Saturday, July 5, 2008

Trunnell-Bowman Cemetery



I'm just learning and couldn't get these pictures in the right order. This is the cemetery in Kentucky that we have been trying to have restored for several years. It is near the Trunnell house outside Shepherdsville, KY where Henry Trunnell and his wife Mary Jane Field Bowman raised their large family. Mary Jane had been married before to Jacob Bowman who had a large farm/plantation. Jacob became ill, and died at the age of 30. Henry Trunnell ran the farm during Jacob's illness and was a divorced man with the custody of his two children, Philip and Arabella. Before Jacob died, he told Mary Jane that after his death she should marry Henry because he was a good man and would take good care of her and the farm. In his will he said he wanted the half-acre family graveyard maintained and never to be sold out of the family.

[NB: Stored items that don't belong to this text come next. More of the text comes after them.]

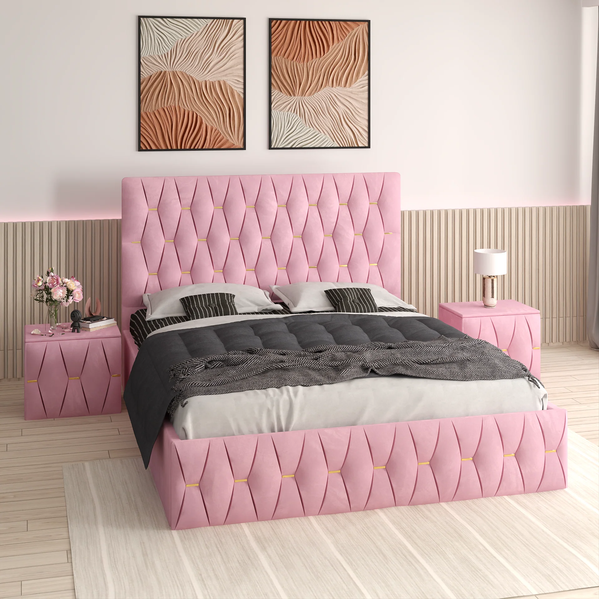 este un pat modern și elegant, cu tapițerie fină, detalii geometrice și accente aurii ce oferă un aer sofisticat dormitorului. Tablia mare a patului asigură confort sporit, iar structura solidă garantează durabilitate.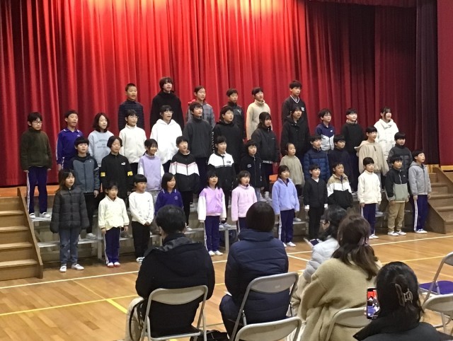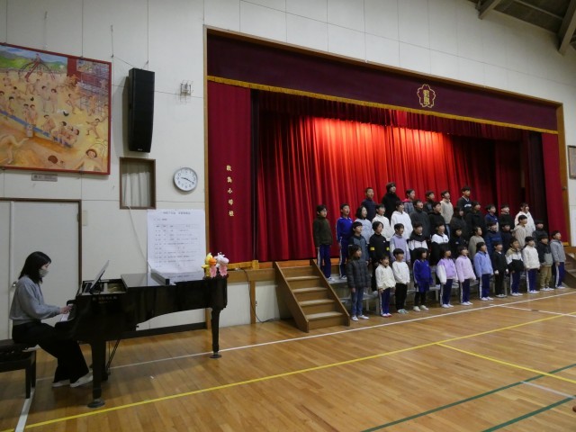 オープニングは全校合唱「この星に生まれて」です。今日は、みんな一段とよく声が出ていました。
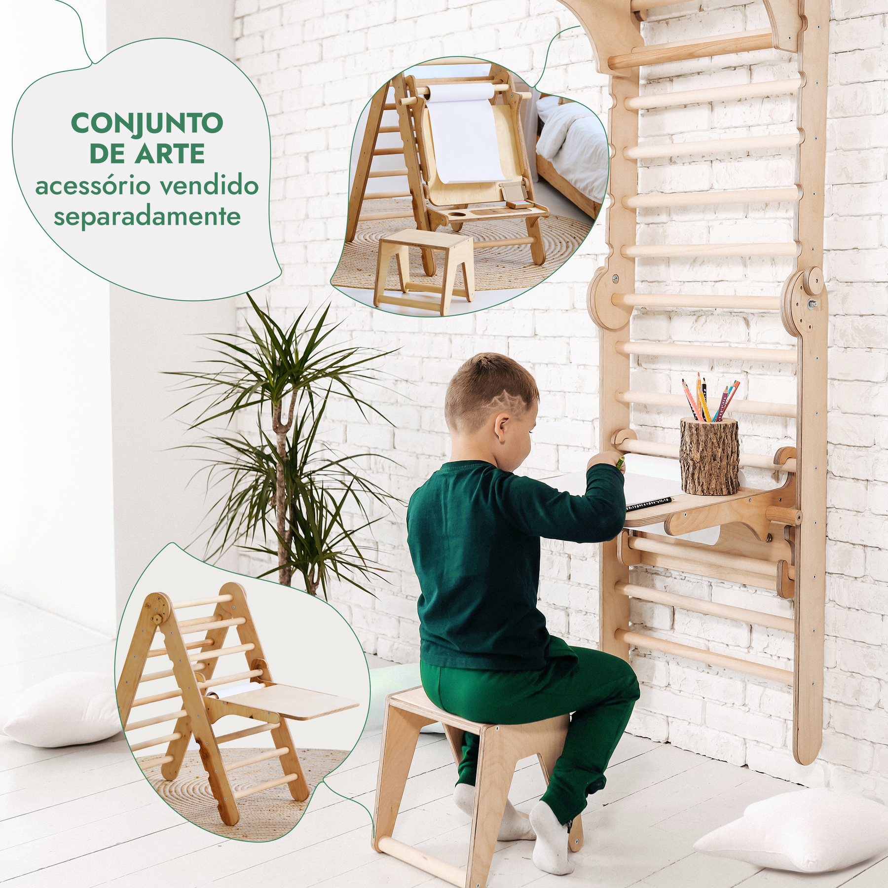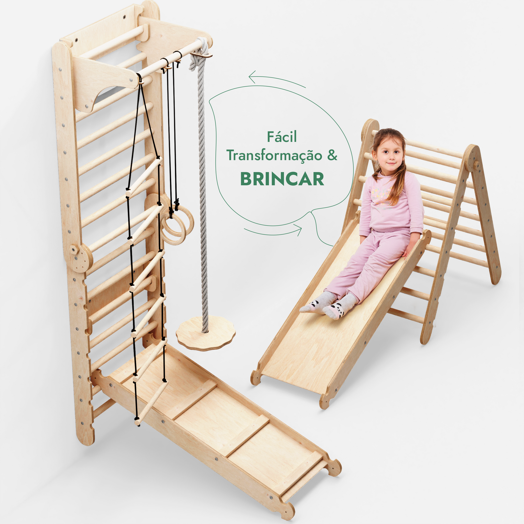 Dinamize o mundo do seu filho com a Parede de escalada (parede sueca) + Escorrega & Conjunto de Ginásio 3 em 1, uma mistura perfeita de diversão e benefícios a nível de desenvolvimento. Garanta já o seu e observe o desenrolar das aventuras!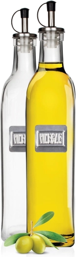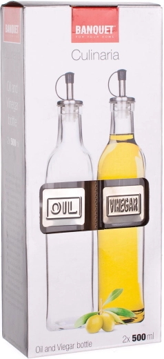 Praktičen komplet dveh stekleničk s prostornino 500 ml za shranjevanje in serviranje olja in kisa. Zahvaljujoč vgrajenemu nalivniku, plastičnemu pokrovčku z tesnilom in kvadratnemu dizajnu je doziranje enostavno, zapiranje odlično tesni in v vsaki kuhinji izgleda elegantno.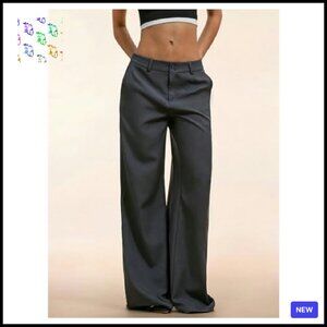 Low Rise Wide Leg Trousers Elegant Business Casual Work Slacks Chic Minimal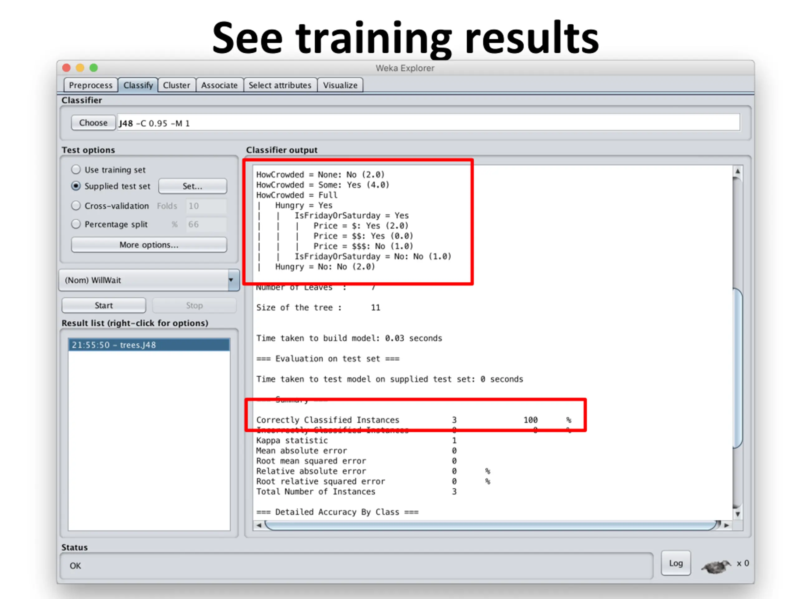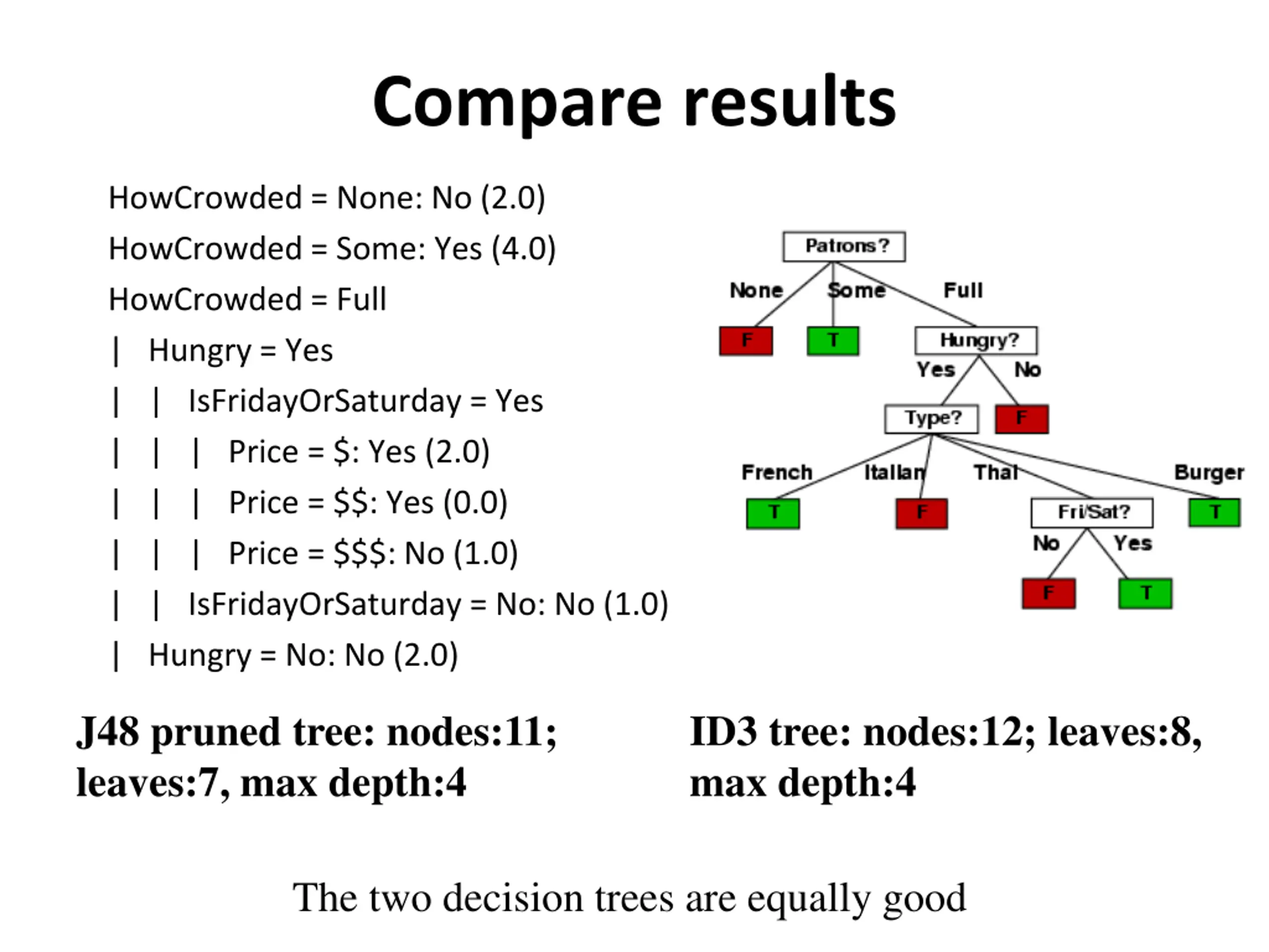 Compare results HowCrowded = None: No (2.0) HowCrowded = Some: Yes (4.0) HowCrowded = Full | Hungry = Yes | | IsFridayOrSaturday = Yes | | | Price = $: Yes (2.0) | | | Price = $$: Yes (0.0) | | | Price = $$$: No (1.0) | | IsFridayOrSaturday = No: No (1.0) | Hungry = No: No (2.0) J48 pruned tree: nodes:11; leaves:7, max depth:4 ID3 tree: nodes:12; leaves:8, max depth:4 The two decision trees are equally good

During the 160 years since Jacob's death the cemetery fell into disrepair. It was on a corner and an up-scale development grew up around it. Most people had no idea it was a cemetery, it just looked like a thicket of trees, weeds and junk that blocked their vision as they drove around the corner. In the summer vines grew up over all the graves, trees had grown up and broken stones and young kids on 4-wheelers had gotten in and knocked over and broken other stones. We were unable to find anyone to hire to clean it up until David Strange, the Director of the Bullitt County History Museum took it on as a project. Some of the nearby neighbors had voluntarily gone in and begun to clear out the brush and junk. David co-ordiniated a large group of people including surveyors, county road people, and neighbors interested in cleaning up the eyesore. Many in the extended Trunnell family contributed funds most of which were used to construct a fence. A local man donated his time and repaired the stones- one had been broken into 4 pieces. We only raised enough money to fence 2 sides and are hoping to fence one other short side that borders on the road. The long side on the back borders on the neighbors who do the mowing and they have requested that it be left open to their yard for ease of upkeep.